2. **Overhaul `extract_result(folder_path, task_definition)`:**
* **Purpose:** This function will collect individual agent outcomes and combine them into a single, comprehensive outcome dictionary for the *entire task run*.
* **New Input:** It will now accept `task_definition` (the parsed JSON entry for this specific task from the main task file, containing `agent_count`, `task_type`, `recipes`, `blueprint`, `difficulty_metrics`, etc.). This eliminates fragile inference from folder names.
* **New Output (for an entire task run):**
```python
{
"task_id": "multiagent_cooking_1_cooked_chicken_1_golden_carrot", # From task_definition
"model_name": "claude-3-5-sonnet-latest", # (Will be populated by `aggregate_results` later)
"agent_count": 2, # From task_definition
"task_type": "cooking", # From task_definition
"overall_raw_score": 1.0, # The highest/combined score from agent logs
"overall_is_successful": True, # Boolean: derived from overall_raw_score
"overall_completion_status": "SUCCESS", # Combined status for the task run
"total_agent_logs_found": 2, # Count of agent log files found
"agent_outcomes": [ # List of dictionaries from `analyze_json_file` for each agent
# { ... outcome for agent 0 ... },
# { ... outcome for agent 1 ... }
],
"task_definition_metrics": { # Relevant metrics copied from the task_definition (e.g., difficulty_metrics, total_recipe_steps)
"total_recipe_steps": 4,
"unique_target_items": 2,
"difficulty_category": "medium"
}
}
```
* **Logic Changes:**
* Iterate through all JSON files in `folder_path`, calling `analyze_json_file` for each.
* Combine individual `agent_outcomes` to determine `overall_raw_score` and `overall_is_successful`. For instance, for cooking/crafting, if any agent's log indicates success, `overall_raw_score` is 1. For construction, it might be the maximum score among agents.
* Determine `overall_completion_status`: If any agent timed out, the whole task timed out.
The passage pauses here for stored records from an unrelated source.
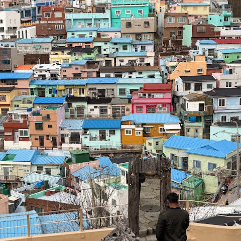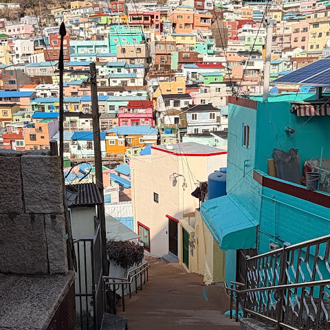 사람들은 감천문화마을을 언덕을 따라 늘어선 알록달록한 집들 때문에 "한국의 산토리니"라고 부르곤 하는데, 그 말이 딱 맞습니다. 아기자기하고 사진 찍기 좋은 곳이지만, 관광객이 정말 많아요. 비수기인데도 불구하고 생각보다 사람이 많았습니다.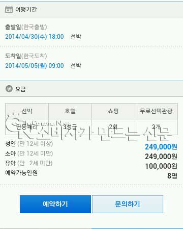 한 달여가 지난 4월 2일 상품가격이 29만9천 원으로 갑작스럽게 5만 원이 올랐다. 여행사 측은 “단동페리 배값이 올라 어쩔 수 없다”고 설명했다.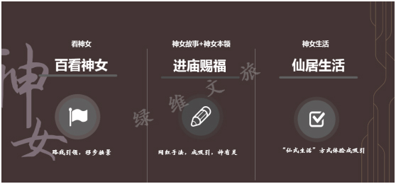 绿维文旅创新院整合神女庙、神女峰、巫山云雨、诗词文化等神女文化和神女资源,站在旅游目的地构建视角,在产品吸引力、业态结构、游憩方式、动线联通、经营等层面全力提升,立足巫山云雨之景,升华神女爱情,将神女景区打造为集观光、休闲、祈福、休闲娱乐、亲子度假等为一体,全方位、立体化、综合型的景区。

Prioritize "TIMEOUT" over "SUCCESS" if both are indicated (e.g., if a task completes but also times out). Handle cases where all logs have `LOG_FILE_ERROR`.
3. **Refactor `aggregate_results(local_folders)`:**
* **Purpose:** Simplify and empower the main aggregation function.
* **Logic Changes:**
* Iterate through `local_folders`. For each folder, call the new `extract_result` to get the comprehensive `task_run_outcome` dictionary.
* Collect all `task_run_outcome` dictionaries into a master list.
* **Leverage Pandas:** Convert this master list of dictionaries into a Pandas DataFrame.
* All subsequent aggregations (e.g., "by depth," "by plan availability," "overall success rate") can be performed cleanly and flexibly using Pandas' `groupby()` and aggregation methods on this rich DataFrame.
## 📁 Files Affected
* `tasks/evaluation_script.py`
* `tasks/analyse_results.py` (for consistency, as it likely shares similar `extract_result` logic)
* `tasks/analyze_cooking_tasks.py` (similarly)
This plan moves the evaluation system towards a more robust, data-rich, and extensible state, providing a much clearer picture of agent performance.